Just old enough to grasp economics, I asked my father a few questions about David Brinkley’s grave comments on the nightly news about western drought conditions driving farmers out of business.
In trying to assure me that we weren’t about to lose our way of living, he explained that we were having one of the best years he had ever experienced on our Ohio farm.
We were gathered on the north-facing porch when the day was done, watching the sun set over the western fields and pastures.
“That is one thing that has never felt right to me, but it is the way of farming and the way of economics — someone’s suffering will benefit someone else.”
He stopped to light his pipe, deep in thought.
“I want you to understand this, though. It’s not just numbers on a page somewhere. It doesn’t feel right to celebrate a really good year when you know it is at someone else’s peril.”
If you knew nothing else about my dad, that paints a pretty good picture.
Born into a multigenerational farm family during the Great Depression, he married my mom at 19 to build a life and a family.
So poor, he joked, they could carry their possessions in a bucket, the young couple worked their way to owning prosperous farmland, purchasing adjoining farms as they could.
It was a happy life, filled with work and accomplishment, but most of all family, and lots of friends in a beloved community.
“Next growing season, it might be us hurt by drought,” my father explained. “But I don’t want you to worry. I’m always thinking about how to be sure we stay ready for the next big change.”

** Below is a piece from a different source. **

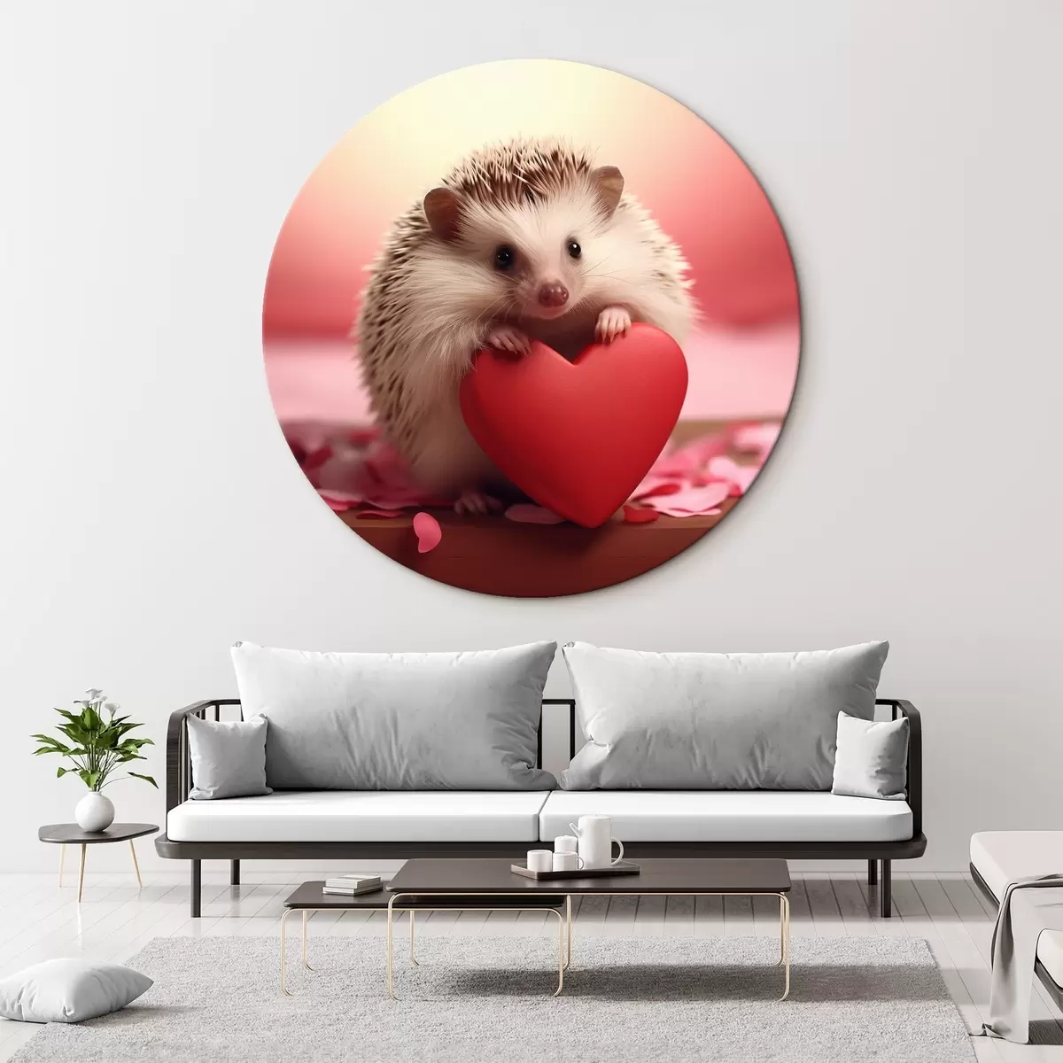 Quadri rotondi Piccolo riccio con un cuore in mano r42867

And my mother says to this day she never did worry, even as those numbers on the balance sheet grew much higher than they’d once dreamed possible.
Dad was wise and steady, his focus on the big picture, always.
During a thread of conversation with our own friends last night, one mentioned that she remembers exploring the fields of our place with her own father, hunting arrowheads together, with our dad’s blessing.
It made him so happy to welcome people onto that land, rich with native artifacts deep in the soil.
While others would have held visitors at bay, I remember Dad saying, “My only request is you stop by again sometime and show me what all you found. The coffee pot is always on!”
Not long ago, I had a chance conversation with one man who held my Dad in great regard and said he still hears people tell about some kindness our father offered, like welcoming a family to walk his newly plowed fields.
“I never had time to hunt arrowheads, and neither did he. We were too busy trying to make a farm pay for another farm.
“But, I did seek his advice many times, and we had some great conversations over coffee at that round table at your house.”
It was a wonderful place and time, and I know my parents were incredibly proud to have their names on the deed of such bountiful land.
But they were also wise enough to know there is great joy in sharing such a place, and wisdom in knowing it is ours only for the blink of an eye as the universe unfolds.